For this step, your device needs to be configured for on-device development. Please see https://developer.android.com/studio/debug/dev-options for details.

Once ADB is enabled, use adb push to install pkg-snapdragon on the device. Note that the toolchain Docker image doesn't have ADB and doesn't set up the ADB bridge. Please use native ADB on the host.

~/src/llama.cpp$ adb push pkg-adb/llama.cpp /data/local/tmp/
pkg-adb/llama.cpp/bin/: 67 files pushed, 0 skipped. 190.2 MB/s (919095042 bytes in 4.607s)
pkg-adb/llama.cpp/include/: 19 files pushed, 0 skipped. 20.5 MB/s (255173 bytes in 0.012s)
pkg-adb/llama.cpp/lib/: 16 files pushed, 0 skipped. 144.4 MB/s (43801382 bytes in 0.289s)
102 files pushed, 0 skipped. 186.9 MB/s (963151597 bytes in 4.914s)
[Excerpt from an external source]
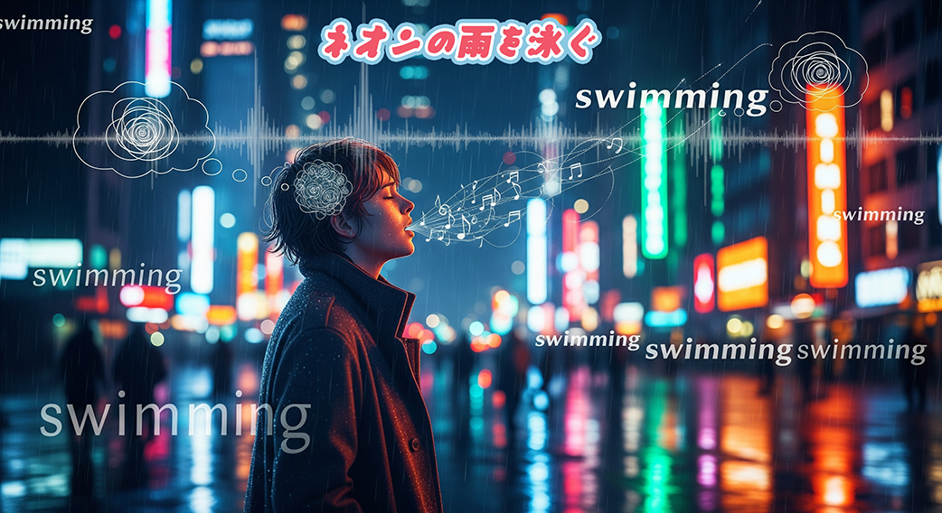 都市の夜を漂う孤独な語り手が、自身の存在を確かめるように歌う。ネオンの光や雑踏のざわめきといった都会の音が、心のノイズや息づかいと重なり、現代社会の無関心や情報過多の中で生きる人間の姿を象徴している。比喩やオノマトペによって、外界と内面の境界が曖昧に揺らぎ、現実と感情が交錯する。リフレインされる「泳ぐ」は、生きることそのものの反復であり、沈みそうになりながらも抗う意志の表れ。冷たい夜景の中で響く声は、誰にも届かないようでいて、同じ孤独を抱える誰かに静かに寄り添っている。 ...

At this point, you should also install some models:

~/src/llama.cpp$ wget https://huggingface.co/bartowski/Llama-3.2-1B-Instruct-GGUF/resolve/main/Llama-3.2-1B-Instruct-Q4_0.gguf
...
2025-10-11 12:04:52 (10.7 MB/s) - Llama-3.2-1B-Instruct-Q4_0.gguf saved [773025920/773025920]

~/src/llama.cpp$ adb push Llama-3.2-1B-Instruct-Q4_0.gguf /data/local/tmp/gguf
Llama-3.2-1B-Instruct-Q4_0.gguf: 1 file pushed, 0 skipped. 38.3 MB/s (773025920 bytes in 19.250s)

How to Run

The easiest way to run llama.cpp cli tools is using provided wrapper scripts that properly set up all required environment variables.

llama.cpp supports three backends on Snapdragon-based devices: CPU, Adreno GPU (GPUOpenCL), and Hexagon NPU (HTP0-4). You can select which backend to run the model on using the D= variable, which maps to the --device option.

Hexagon NPU behaves as a "GPU" device when it comes to -ngl and other offload-related options.

Here are some examples of running various llama.cpp tools via ADB.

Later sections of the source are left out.